WORK TASK: Produce an exact transcription of the data, with the images left out.

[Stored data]
--
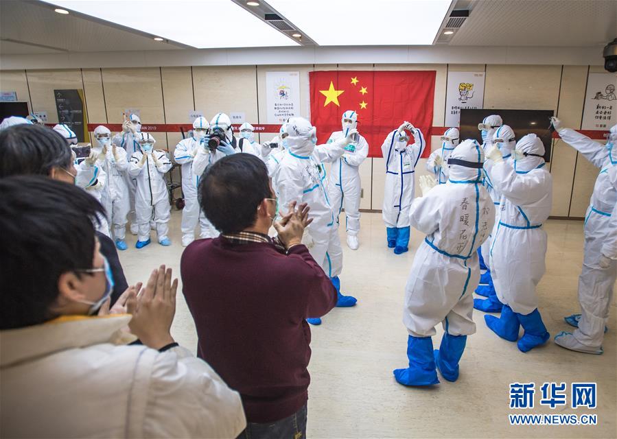3月10日,医护人员一起唱歌庆祝休舱。当日,武汉武昌方舱医院正式休舱。来自湖南、广西等地医疗队的医护人员在出舱前用歌声送别痊愈患者。新华社记者肖艺九摄
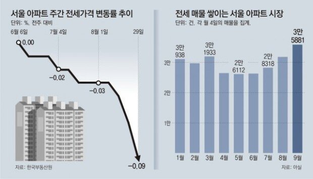 4日、不動産ビッグデータ会社のアシル(マンション実取引価格)によると、同日基準でソウルマンションの伝貰物件は3万5881件で、1ヵ月前(3万1781件)比12.9%増加した。1年前(2万2734件)に比べると57.8%増加した。このように伝貰物件が増え、ソウルのマンションの伝貰価格もやはり1月第3週(17日基準)の0.01%上昇を最後に、8月第4週(29日基準)まで32週間連続上昇できなかった。
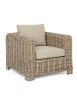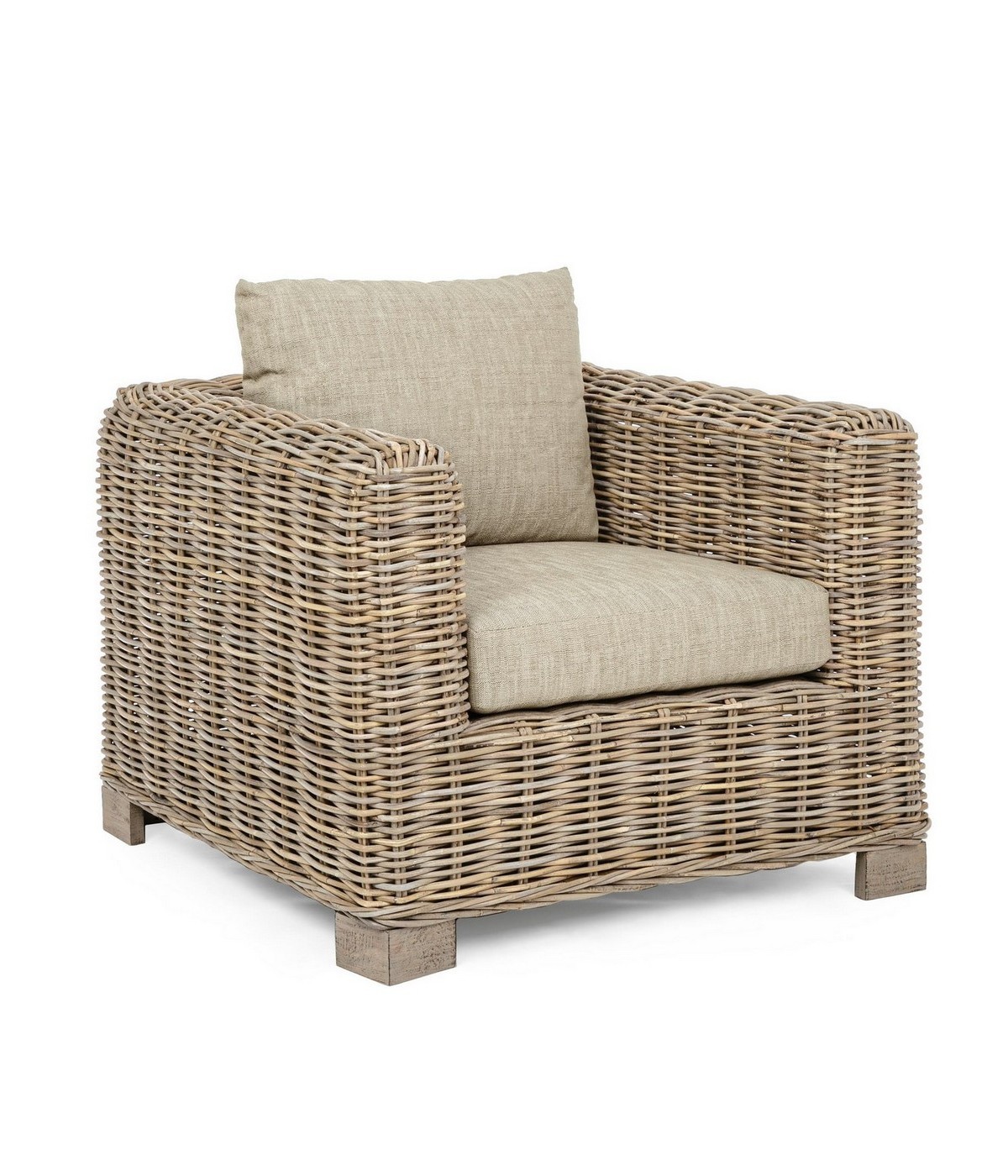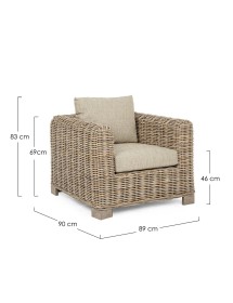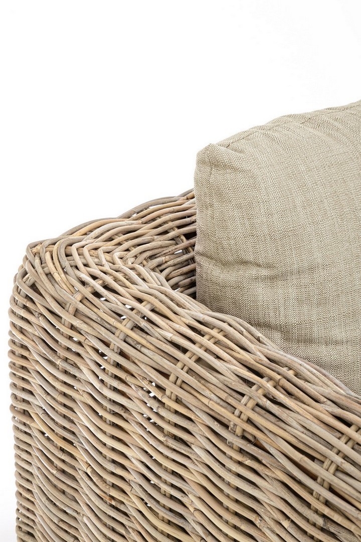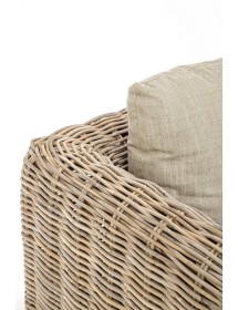 STRUTTURA IN LEGNO DI MANGO E RATTAN, INTRECCIO IN KUBU, FINITURA NATURALE A BASE DI NITROCELLULOSA. CUSCINI SFODERABILI CON TESSUTO PER USO INTERNO (55% COTONE, 45% POLIESTERE). SI RACCOMANDA DI NON ESPORRE IL MOBILE ALLA LUCE DIRETTA DEL SOLE E ALLE INTEMPERIE. IMBALLO SENZA CARTONE.
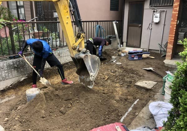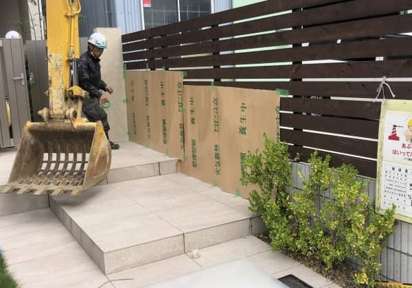 今回はリフォーム工事で既設のアプローチを撤去して駐車場を拡張します。 まずは解体にともない周りをしっかり養生します。 門塀も新し...
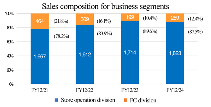 In the term ended Dec. 2022, the number of divisions will change from three (FC Division, Laundromat Management Division, and Directly Managed Division, etc.) to two ((1) FC Division (former FC Division) and (2) Laundromat Operation Division (Former Laundromat Management Division + former Directly Managed Division, etc.).
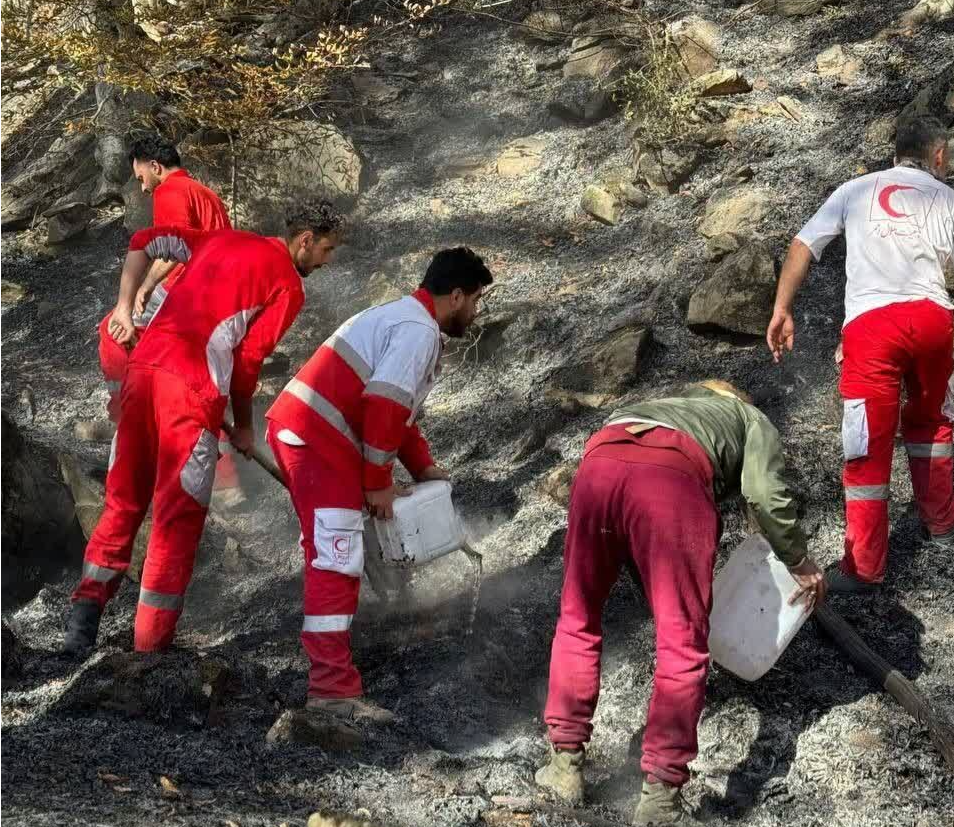 مشارکت18 تیم مجهز هلال احمر مازندران در عملیات اطفای حریق در جنگلهای الیت شهرستان چالوس/امدادرسانی به 7 نفر مصدوم/ توزیع صدها بسته غذایی
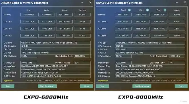我们进一步提高内存频率至EXPO-8000MHz,主板也能轻松点亮,并且内存性能也有一定的提升,延迟也降低了一些,当然,这款主板的潜力应该不至于此,有时间的玩家可以在BIOS中进行更细致的调整,以达到更优的表现。
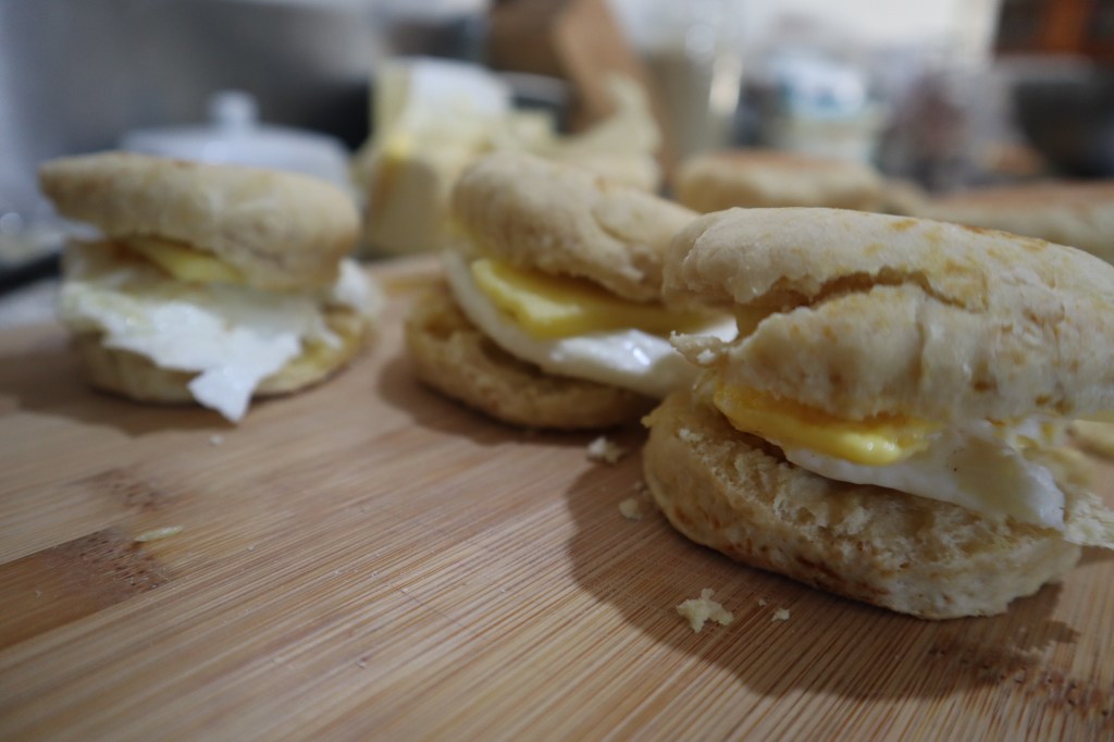 These were our egg and cheese English muffins and they were wonderful, the first time I cooked them I cooked them like scones in the oven and it was an odd experience, still nice but odd. The next time I fried the muffin and it was exactly what you’d expect from a tasty sourdough English muffin.
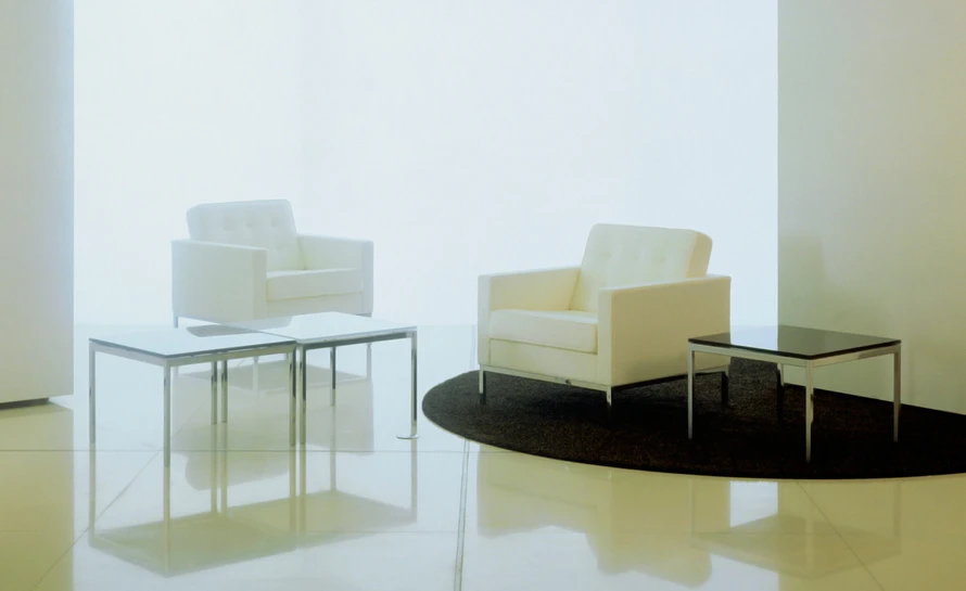 Like so many of her groundbreaking designs that became the gold standard for the industry, the 1961 executive collection, including the coffee and end tables, made their way into the pantheon of modern classics. Florence Knoll’s designs are reserved and cool, severe and angular, reflecting the objective perfectionism of the early 1960s.
--
RESULT:
3月10日,医护人员一起唱歌庆祝休舱。当日,武汉武昌方舱医院正式休舱。来自湖南、广西等地医疗队的医护人员在出舱前用歌声送别痊愈患者。新华社记者肖艺九摄
 4日、不動産ビッグデータ会社のアシル(マンション実取引価格)によると、同日基準でソウルマンションの伝貰物件は3万5881件で、1ヵ月前(3万1781件)比12.9%増加した。1年前(2万2734件)に比べると57.8%増加した。このように伝貰物件が増え、ソウルのマンションの伝貰価格もやはり1月第3週(17日基準)の0.01%上昇を最後に、8月第4週(29日基準)まで32週間連続上昇できなかった。
 STRUTTURA IN LEGNO DI MANGO E RATTAN, INTRECCIO IN KUBU, FINITURA NATURALE A BASE DI NITROCELLULOSA. CUSCINI SFODERABILI CON TESSUTO PER USO INTERNO (55% COTONE, 45% POLIESTERE). SI RACCOMANDA DI NON ESPORRE IL MOBILE ALLA LUCE DIRETTA DEL SOLE E ALLE INTEMPERIE. IMBALLO SENZA CARTONE.
 今回はリフォーム工事で既設のアプローチを撤去して駐車場を拡張します。 まずは解体にともない周りをしっかり養生します。 門塀も新し...
 In the term ended Dec. 2022, the number of divisions will change from three (FC Division, Laundromat Management Division, and Directly Managed Division, etc.) to two ((1) FC Division (former FC Division) and (2) Laundromat Operation Division (Former Laundromat Management Division + former Directly Managed Division, etc.).
 مشارکت18 تیم مجهز هلال احمر مازندران در عملیات اطفای حریق در جنگلهای الیت شهرستان چالوس/امدادرسانی به 7 نفر مصدوم/ توزیع صدها بسته غذایی
我们进一步提高内存频率至EXPO-8000MHz,主板也能轻松点亮,并且内存性能也有一定的提升,延迟也降低了一些,当然,这款主板的潜力应该不至于此,有时间的玩家可以在BIOS中进行更细致的调整,以达到更优的表现。
 These were our egg and cheese English muffins and they were wonderful, the first time I cooked them I cooked them like scones in the oven and it was an odd experience, still nice but odd. The next time I fried the muffin and it was exactly what you’d expect from a tasty sourdough English muffin.
 Like so many of her groundbreaking designs that became the gold standard for the industry, the 1961 executive collection, including the coffee and end tables, made their way into the pantheon of modern classics. Florence Knoll’s designs are reserved and cool, severe and angular, reflecting the objective perfectionism of the early 1960s.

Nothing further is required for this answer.